I recently got a new laptop (more on this in another post, perhaps). After I installed Debian Linux from scratch and copied my home directory over to it, I needed to install all the software I used on my old machine. Here’s one way to do this.
On your old system, create a list of your installed packages:
dpkg -l > old_packages cat old_packages | awk '{print $2}' | sort > old_packages_list
Copy the file old_packages_list
to your new system. Then, on your new system, run:
dpkg -l > new_packages cat new_packages | awk '{print $2}' | sort > new_packages_list comm -2 -3 old_packages_list new_packages_list > missing
The file missing
now contains a list of packages that existed on your old system that don’t exist on your new one.
If you don’t work with many library packages directly, you can filter them out by reverse grepping for ones that begin with “lib”. (These are installed automatically as dependencies for other things; you don’t usually need to worry about them unless you need them for development.)

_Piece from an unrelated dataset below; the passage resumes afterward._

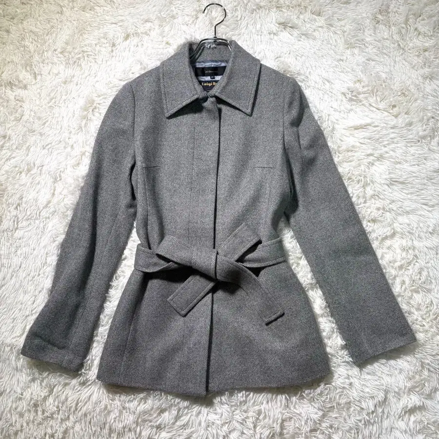 7-IDconcept 울 코트 M 그레이 헤링본 A라인 벨트
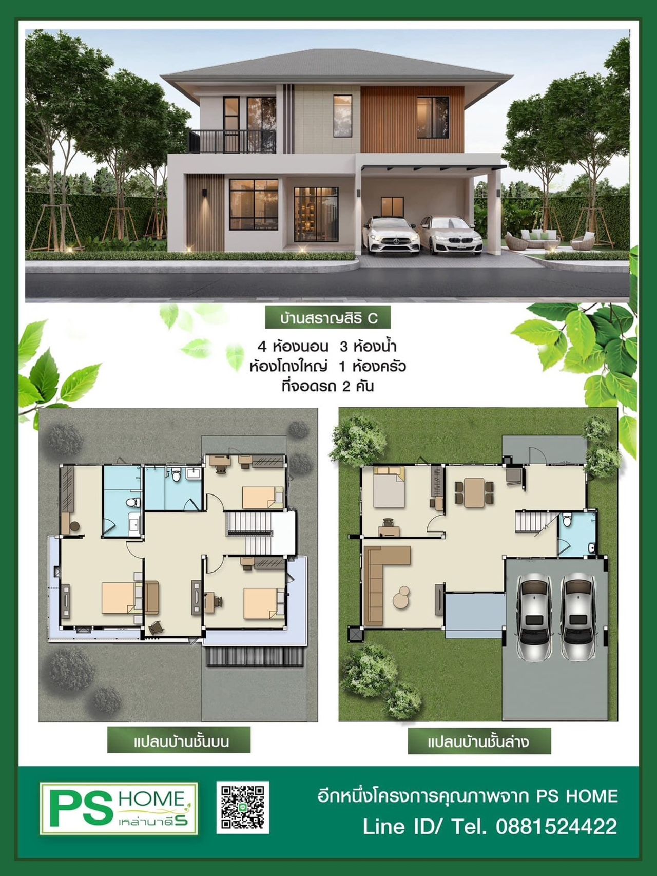 แบบสราญสิริ C พื้นที่ใช้สอย ประมาณ 192 ตร.ม.

cat missing | egrep -v "^lib" > missing_apps_only
Going through this list, I could quickly identify all the software I recognized and wanted to install, and skip packages no longer useful to me (programs to burn CDs and DVDs, for example, since my new machine doesn’t have a drive) or applications I only played with once or twice. And I didn’t install things I didn’t recognize—I can always install them later.
This gets your new computer up and running in short order.